Dynamic Content would create one-off unique experiences. They may end up being slightly generic a lot of the time, but at least you're not going to have the next group of heroes wandering into the area rescuing the same village you just did. There are a couple approaches to Dynamic Content which can actually work side-by-side, so it's not an either/or decision.
The first is content that is generated upon need based on a bunch of variables. An example might be a farmer with a bunch of variables defining resources he has. If he gets low on a particular resource, he may generate a request to get some of that resource. How the player chooses to get it is then up to them. That same farmer might have problems with bandits raiding his farm, so he'll generate a request to get rid of the bandits. Once the bandits are no longer a problem, maybe a bunch of wolves move into the area, so he may generate a request based on that.

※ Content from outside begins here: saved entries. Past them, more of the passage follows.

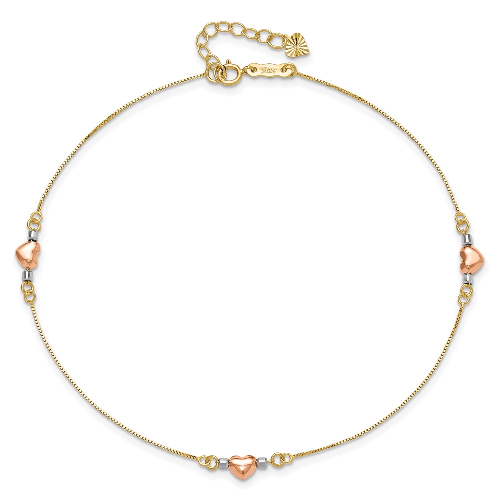 14k Tri-Color Puffed Hearts and Beads Plus Extender – Total Anklet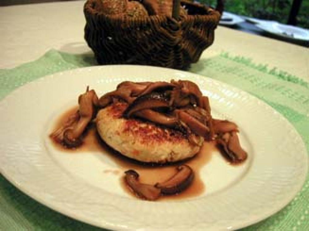 さらにハンバーグを盛り付け、上からきのこソースをたっぷりかける。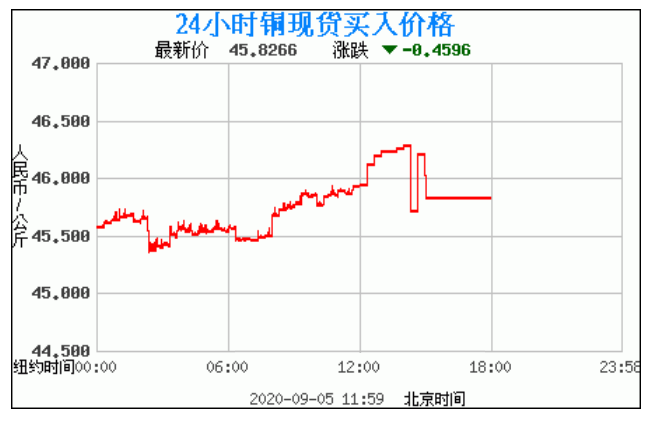 今日最新铜价:45.8266 涨跌:-0.4596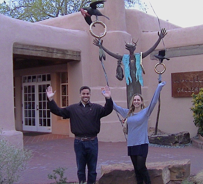 BELOW: Daytime GHOST TOURS SANTA FE NEW MEXICO safari, a fun time was had. Note the statue behind Charles & Melanie -- DAY or NIGHT --- 505-986-5002 PRIVATE TOUR LED by ALLAN PACHECO.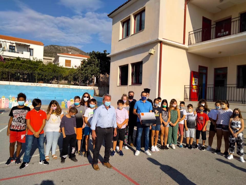 Μετά το πέρας του αγιασμού της Δευτέρας 13/9, παρέδωσαν στον διοικητή του Αστυνομικού Τμήματος Μονεμβασίας, έναν φορητό απινιδωτή, ο οποίος αγοράστηκε με χρήματα που συγκέντρωσαν οι μαθητές, με την καθοδήγηση της δασκάλας τους κ. Αγγελικής Χαραμή.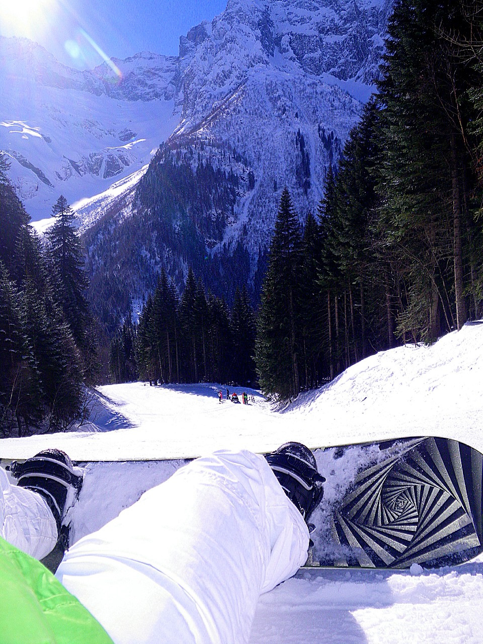 на уровне лесной трассы-очень плотный лес и слишком крутой уклон(я в первый день ломился через лес более 1 часа и очень устал). Внизу есть бесплатный лягушатник с бугелем-даже не тратте время…

The second approach is player-generated-content, and this one dovetails best into the various things I want in an MMO. I'm not talking about quest-creation tools like you found in City of Heroes or Saga of Ryzom, though those are pretty bad ass. The problem with those is that they're mechanically divorced from the rest of the game world. What I mean is that players should have some mechanically supported way to drive activity in the game, such as putting requests up on a message board. Such requests might be a smith wanting to buy ore, a miner wanting a mine cleared of threats, or a merchant needing goods moved from one place to another.

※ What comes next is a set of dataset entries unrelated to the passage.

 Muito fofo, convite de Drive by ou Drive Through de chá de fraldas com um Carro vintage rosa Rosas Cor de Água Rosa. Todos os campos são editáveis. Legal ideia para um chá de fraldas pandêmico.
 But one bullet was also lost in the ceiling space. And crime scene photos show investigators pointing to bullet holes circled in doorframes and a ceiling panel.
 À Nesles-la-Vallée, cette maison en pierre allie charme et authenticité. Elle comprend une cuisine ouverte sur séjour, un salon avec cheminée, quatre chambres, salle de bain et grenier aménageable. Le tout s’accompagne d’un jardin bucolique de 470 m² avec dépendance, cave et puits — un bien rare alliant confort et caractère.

Living World: This obviously dovetails strongly into the above. I don't want a world where everything stays the same. This is a reason why, given the skills, the team and the budget, I would still never pick a licensed IP. I want the players to be able to shape the world to their collective will, and IP owners and fandom might get a little... cross about that.
I mean this on a pretty epic scale. Like, so epic that it might actually turn out to be completely impractical. The setting will have cities, but those cities will be capable of being conquered, burned to the ground, rebuilt, abandoned. Governments, countries, all will be capable of being taken over by players, and run as they see fit. The world on Day 1 will look very, very different from the world in one year.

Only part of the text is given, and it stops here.